将数据从 oracle 移动到 HDFS,处理并从 HDFS 移动到 Teradata
我的要求是
<块引用>- 将数据从 Oracle 移动到 HDFS
- 处理 HDFS 上的数据
- 将处理后的数据移至 Teradata.
还需要每 15 分钟进行一次整个处理.源数据量可能接近50GB,处理后的数据也可能相同.
在网上搜索了很多,我发现
<块引用>- ORAOOP 将数据从 Oracle 移动到 HDFS(将代码与 shell 脚本一起并安排它以所需的时间间隔运行).
- 通过自定义 MapReduce、Hive 或 PIG 进行大规模处理.
- SQOOP - Teradata 连接器,用于将数据从 HDFS 移动到 Teradata(再次使用带有代码的 shell 脚本,然后对其进行调度).
这首先是正确的选择吗?这在所需的时间段内是否可行(请注意,这不是每日批次左右)?
我发现的其他选项如下
<块引用>- STORM(用于实时数据处理).但是我找不到开箱即用的 oracle Spout 或 Teradata bolt.
- 任何开源 ETL 工具,如 Talend 或 Pentaho.
请分享您对这些选项以及任何其他可能性的看法.
解决方案看起来你有几个问题,让我们试着分解一下.
在 HDFS 中导入
您似乎正在寻找 Sqoop.Sqoop 是一个工具,可以让您轻松地将数据传入/传出 HDFS,并且可以本地连接到包括 Oracle 在内的各种数据库.Sqoop 与 Oracle JDBC 瘦驱动程序兼容.以下是从 Oracle 转移到 HDFS 的方法:
sqoop import --connect jdbc:oracle:thin@myhost:1521/db --username xxx --password yyy --table tbl --target-dir/path/to/dir
有关更多信息:此处和此处.请注意,您也可以使用 Sqoop 直接导入到 Hive 表中,这可以方便您进行分析.
处理
正如您所指出的,由于您的数据最初是关系数据,因此最好使用 Hive 进行分析,因为您可能更熟悉类似 SQL 的语法.Pig 是更纯粹的关系代数,其语法与 SQL 不同,更多的是偏好问题,但两种方法都应该可以正常工作.
由于您可以使用 Sqoop 直接将数据导入 Hive,因此您的数据在导入后应该可以直接进行处理.
在 Hive 中,您可以运行查询并告诉它在 HDFS 中写入结果:
hive -e "插入覆盖目录 '/path/to/output' select * from mytable ..."
导出到 TeraData
Cloudera 去年发布了适用于 Sqoop 的 Teradata 连接器,如这里,所以你应该看看这看起来正是你想要的.以下是您的操作方法:
sqoop export --connect jdbc:teradata://localhost/DATABASE=MY_BASE --username sqooptest --password xxxxx --table MY_DATA --export-dir/path/to/hive/output
<小时>
在您想要的任何时间段内,整个事情绝对是可行的,最终重要的是您的集群的大小,如果您希望它快速,则根据需要扩展您的集群.Hive 和 Sqoop 的好处是处理将分布在您的集群中,因此您可以完全控制计划.
My requirement is to
- Move data from Oracle to HDFS
- Process the data on HDFS
- Move processed data to Teradata.
It is also required to do this entire processing every 15 minutes. The volume of source data may be close to 50 GB and the processed data also may be the same.
After searching a lot on the internet, i found that
- ORAOOP to move data from Oracle to HDFS (Have the code withing the shell script and schedule it to run at the required interval).
- Do large scale processing either by Custom MapReduce or Hive or PIG.
- SQOOP - Teradata Connector to move data from HDFS to Teradata (again have a shell script with the code and then schedule it).
Is this the right option in the first place and is this feasible for the required time period (Please note that this is not the daily batch or so)?
Other options that i found are the following
- STORM (for real time data processing). But i am not able to find the oracle Spout or Teradata bolt out of the box.
- Any open source ETL tools like Talend or Pentaho.
Please share your thoughts on these options as well and any other possibilities.
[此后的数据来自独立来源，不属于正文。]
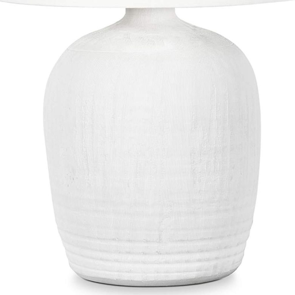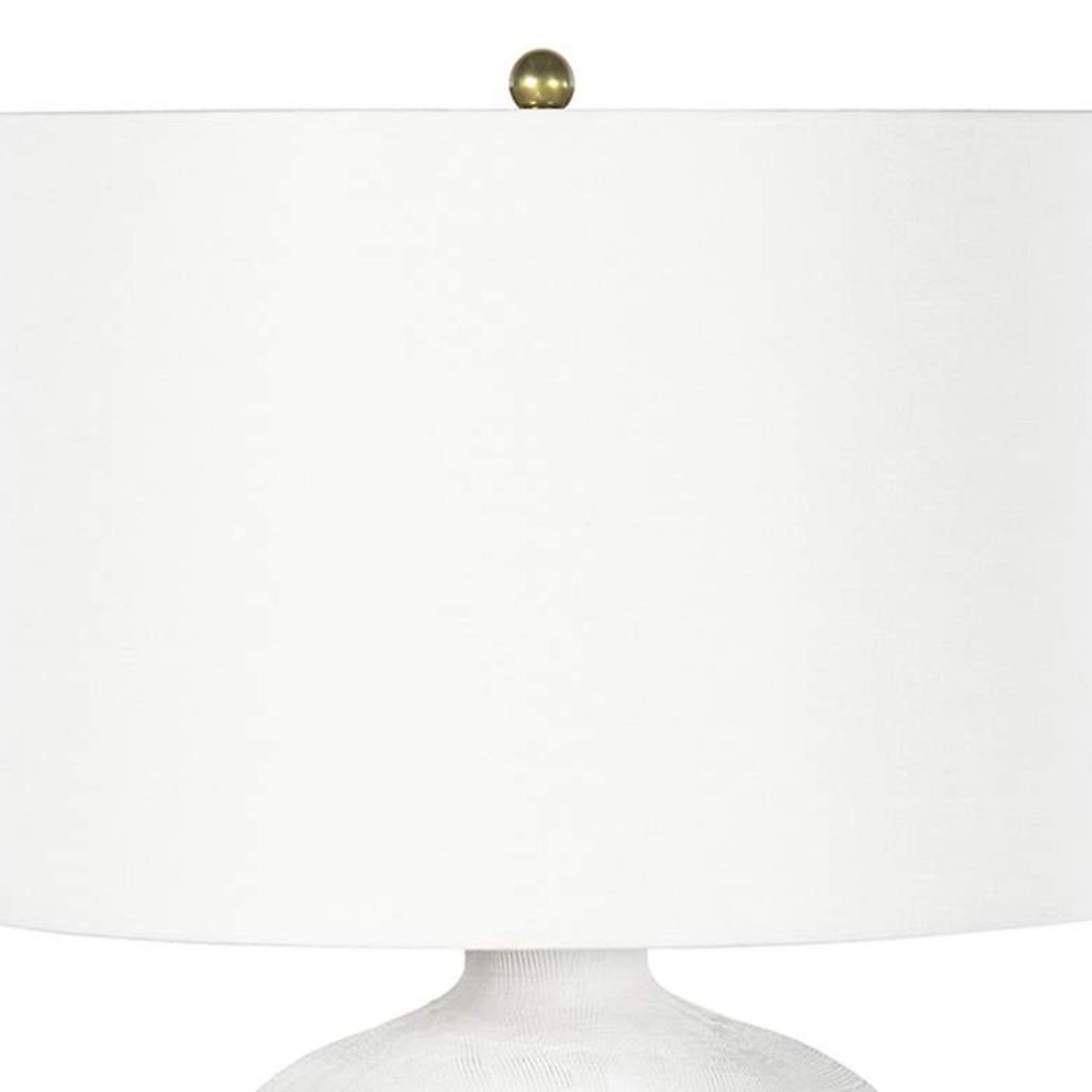 Standing 28 inches high and weighing 14 lbs, this Phoenix table lamp offers both style and functionality. Its crisp white finish, hand-applied glaze, linen drum shade, and natural brass accents create a versatile and sophisticated design. Whether placed on a bedside table, console, or living room side table, this ceramic jug lamp from Regina Andrew Design enhances your décor with charm, elegance, and modern flair.

解决方案Looks like you have several questions so let's try to break it down.
Importing in HDFS
It seems you are looking for Sqoop. Sqoop is a tool that lets you easily transfer data in/out of HDFS, and can connect to various databases including Oracle natively. Sqoop is compatible with the Oracle JDBC thin driver. Here is how you would transfer from Oracle to HDFS:
sqoop import --connect jdbc:oracle:thin@myhost:1521/db --username xxx --password yyy --table tbl --target-dir /path/to/dir
For more information: here and here. Note than you can also import directly into a Hive table with Sqoop which could be convenient to do your analysis.
Processing
As you noted, since your data initially is relational, it is a good idea to use Hive to do your analysis since you might be more familiar with SQL-like syntax. Pig is more pure relational algebra and the syntax is NOT SQL-like, it is more a matter of preference but both approaches should work fine.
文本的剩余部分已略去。